How do we choose the $N$? Using a stopping time.
More precisely, define $\nu = \inf\{n \geq 0 : X_n = Y_n\}$.
Now, for each $\omega$, we have $\nu(\omega)$ is some number $N$ depending on $\omega$. What we do is this : for each $\omega$, stop the sequence $X_n(\omega)$ at the $N$ depending on $\omega$. Then, after that, keep the process constant.
In other words, we have the following definition of the Snell envelope of $X_n$.
So, for each $\omega$, the process doesn't change for that $\omega$ after $\nu(\omega)$, it is stopped.
Is two things. The first, that $X^\nu_n$ is adapted to $\mathcal F_n$ : for each for each $m$, we have that $\mathcal F_m$ contains all the information about $\{X^\nu_1,...,X^\nu_m\}$.
The second, that $E[X^\nu_{m+1} - X^\nu_m | \mathcal F_m]=0$ for all $m$ i.e. that it has martingale-type increments.
The construction does not apply for all stopping times $\nu$ : only for this particular one.

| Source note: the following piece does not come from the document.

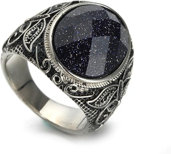 Aeici Ring Herren Biker Vintage Blumenmuster Ring Mit Stein Grosse 60 19 1 Silber Schwarz Amazon De Schmuck

The supremum is over all stopping times, not over numbers in $[0,N]$. Indeed, what it says is this : if I take any stopping time $\tau$ which takes values only in $[0,N]$, and consider the quantity $E[Y_\tau | \mathcal F_0]$, then the largest this can be, is exactly $E[Y_\nu | \mathcal F_0]$. So, in some sense, $\nu$ "envelopes" every bounded stopping time : at each bound, it gives the maximum possible expectation.
I think this author has not written the material well, so you should continue to clarify until you are satisfied.
EDIT : I think the reason why the text is a little hard to understand is that it is translated, possibly from Spanish or something, since I did see a few exercises in a different language to English.
Coming to your points in the comment, the point is that $Y_\nu$ is a random variable, defined by $Y_\nu(\omega) = Y_{\nu(\omega)}(\omega)$. This has finite expectation(I am sure you can see why), so you can define $E[Y_\nu | \mathcal F_0]$.
If you notice, the fact that $X^\nu_n$ is a martingale, is used only to prove that $X_0 = E[Y_{\nu} |\mathcal F_0]$, which is the first equality.
What you mention in the comments is the second equality i.e. that of $E[Y_\nu | \mathcal F_0]$ and $\sup_\tau E[Y_\tau | \mathcal F_0]$. Here, if you notice, the author uses the fact that $X_n^\tau$ is a supermartingale, if $X_n$ is, where $X_0,...,X_N$ is like how the author defined(remember the author has not focused on each $\omega$ : for this argument he has used the $\omega$-less $X_0,...,X_N$ which he defined at the starting of the section, which he showed is a supermartingale. Now stopping that using any $\tau$ also gives a supermartingale).
As for the second question, the answer is yes, with the author-defined $X_0,...,X_N$ it will be true for any $\tau$ taking values in $[0,N]$ that $X_0 \geq E[X_\tau | \mathcal F_0]$.